First we are asked to relate \$ \Delta U_{12}\$ to switch closure, let's try to get them closer running along the highlighted branches:

\$U_{12}=U_1-U_2=\$ but \$U_2=U_3+E_2-Z_1\,I_{g1}\$ and substituting

\$U_{12}=U_1-U_3-E_2+Z_1\,I_{g1}\$ and going to variations

\$\begin{align}\Delta U_{12} &= U_{12}^{(c)}-U_{12}^{(o)} &=U_1^{(c)}-U_3^{(c)}-E_2+Z_1\,I_{g1} & \\ & &- U_1^{(o)}+U_3^{(o)}+E_2-Z_1\,I_{g1} &= \Delta U_{13} \end{align}\$

given constant \$E_2\$, \$I_{g1}\$ and obviously \$Z_1\$ we got to

  1. \$\Delta U_{12}= \Delta U_{13}\$
  2. Now we remove \$Z_1\$ since any impedance series connected to a current generator does not affect the network itself but only drop across generator.
  3. Then dualy we remove \$Z_2\$ for it is parallel connected to a voltage generator and does not affect the network itself but only current supplied by generator.
  4. Now it is time to split current generator \$I_{g1}\$ into two identical ones series connected, common point can be connected anywhere we like since no current is going to flow thru.

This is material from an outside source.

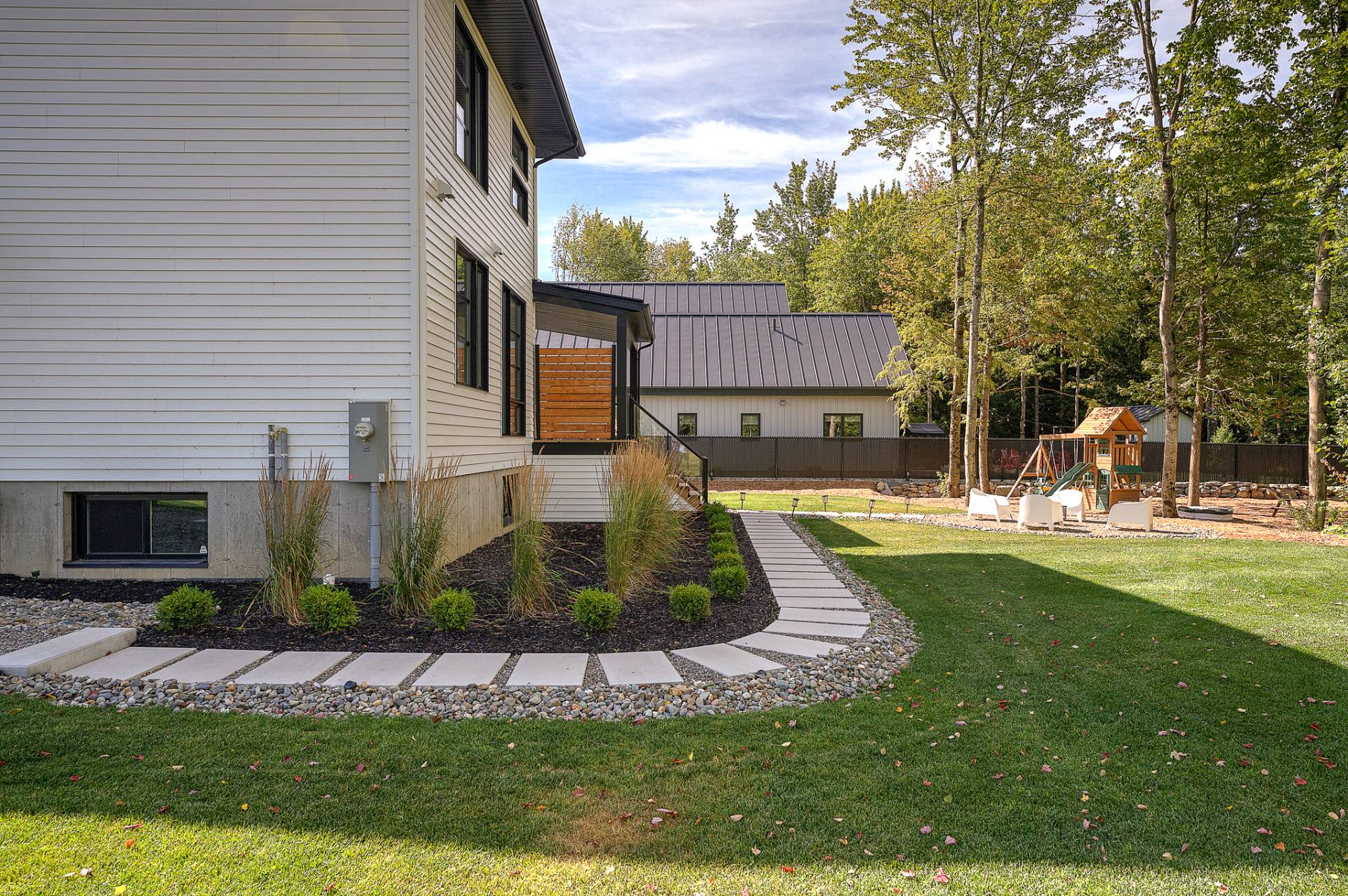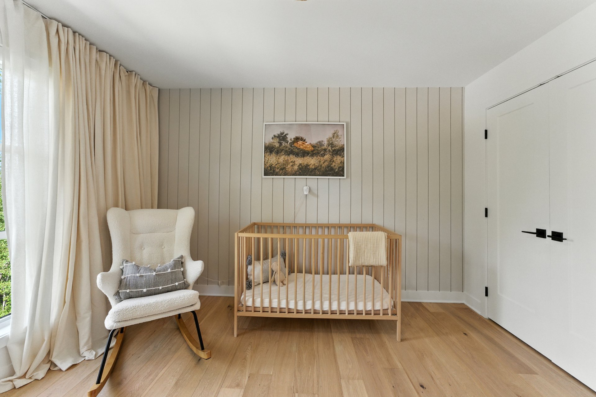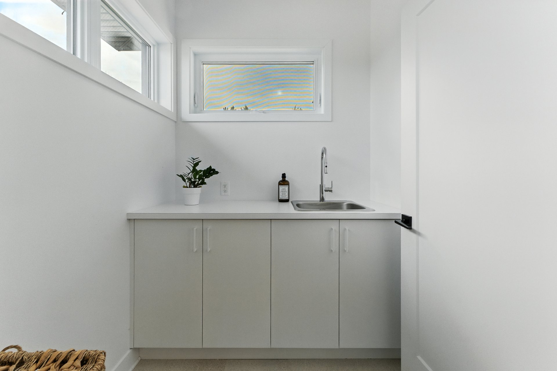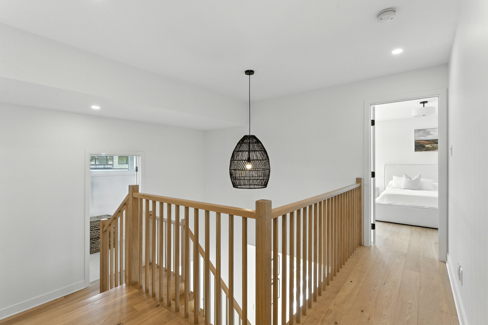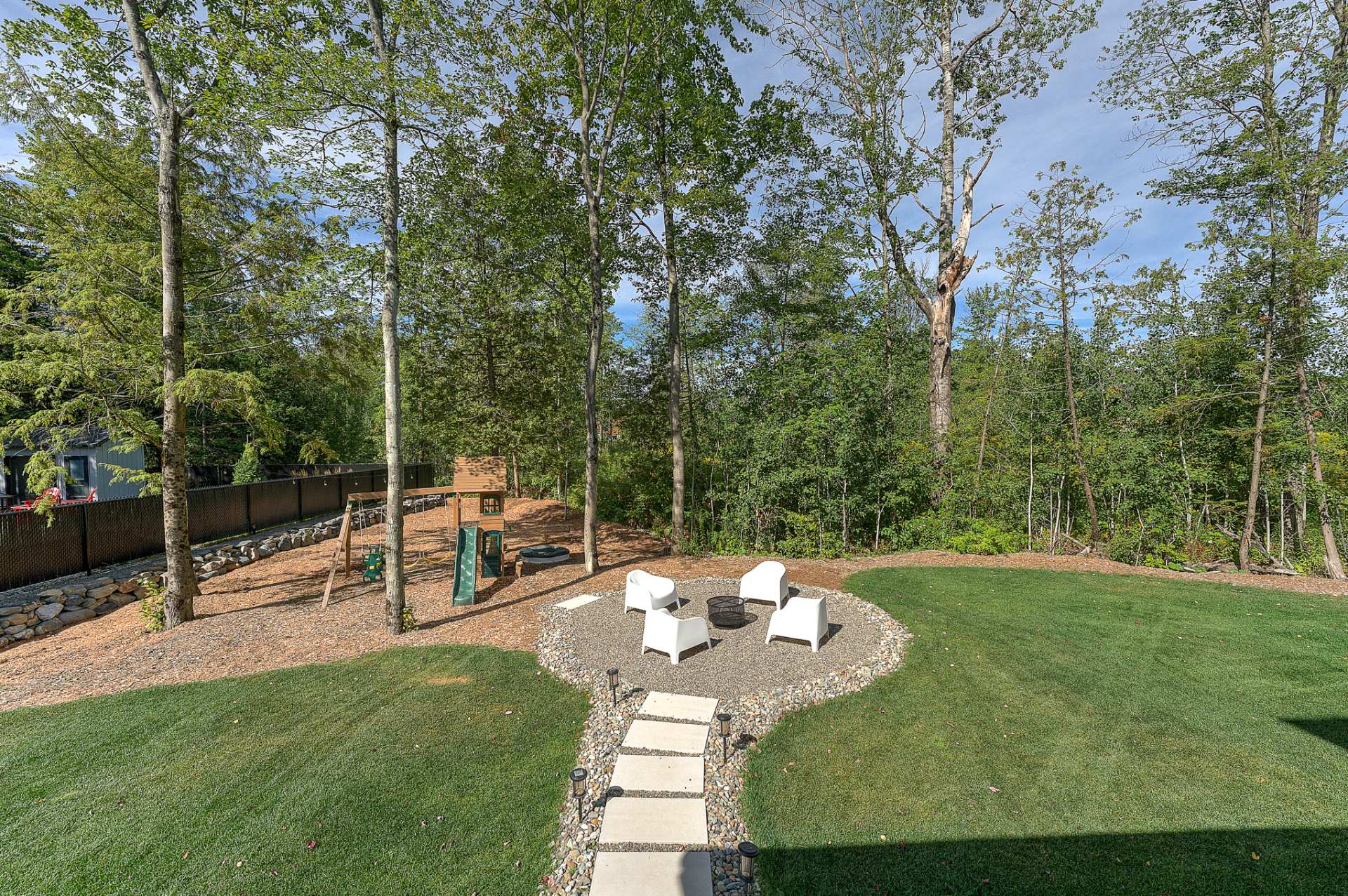 À l'étage, la suite principale est conçue comme un espace intime: penderie aménagée et salle de bains attenante aménagée d'un bain autoportant, douche et vanité double. Deux chambres supplémentaires se partagent une salle de bains complète. La salle de lavage, judicieusement équipée de rangements, d'un plan de travail et évier témoigne du même souci de praticité.

enter image description here

  1. Now left \$I_{g1}\$ founds itself parallel connected to a voltage source and can hence be removed.
  2. Finally we add \$E_2\$ and \$E_6\$ to get an equivalent \$E=E_6-E_2\$ enter image description here

On this circuit, given constant Ig1 it is easy to relate \$\Delta U_{13}\$ and \$\Delta U_{35}\$ variations using a simple voltage divider

  1. $$\Delta U_{13}=-\frac{Z_5}{Z_5+Z_4}\Delta U_{35}$$

Now it still looks like we have two many unknowns (E and Ig1 compared to the single relation on \$\Delta U_{12}=\Delta U_{13}\$ we have) but this is not true. Our circuit may be thought driven by a single equivalent generator.

enter image description here

where \$Z_e=Z_3 || (Z_4+Z_5)\$ and \$J\$ is a linear combination of E and Ig1 which we don't even need to calculate.

Now it's just plain sailing

\$\left\{\begin{align} U_{35}^{(o)} &= Z_e & (J+I_{g2}) \\ U_{35}^{(c)} &= (Z_e || Z) & (J+I_{g2}) \end{align}\right. \$

  1. $$\Delta U_{35}=(Z_e||Z-Z_e)(J+I_{g2})=-\frac{Z_e^2}{Z_e+Z}(J+I_{g2})$$

and given what found above in (7)

  1. $$\Delta U_{12}=\Delta U_{13}=-\frac{Z_5}{Z_5+Z_4}\Delta U_{35}$$

and combining (8) and (9) we get total current driven to node 3

  1. $$J+I_{g2}=\frac{(Z_5+Z_4)(Z_e+Z)}{Z_5Z_e^2}\Delta U_{12}$$

and hence \$U_{35}^{(c)}\$ which is needed to compute request Ig2 power.

  1. $$U_{35}^{(c)}=(Z_e || Z)(J+I_{g2})=\frac{Z(Z_5+Z_4)}{Z_5Z_e}\Delta U_{12}$$

  2. $$S_{Ig2}^{(c)}=U_{35}^{(c)}I_{g2}^*$$

Numerically we get

enter image description here

Note: an error had crept into my line 8. enter image description here and propagated till the end. Now it is fixed.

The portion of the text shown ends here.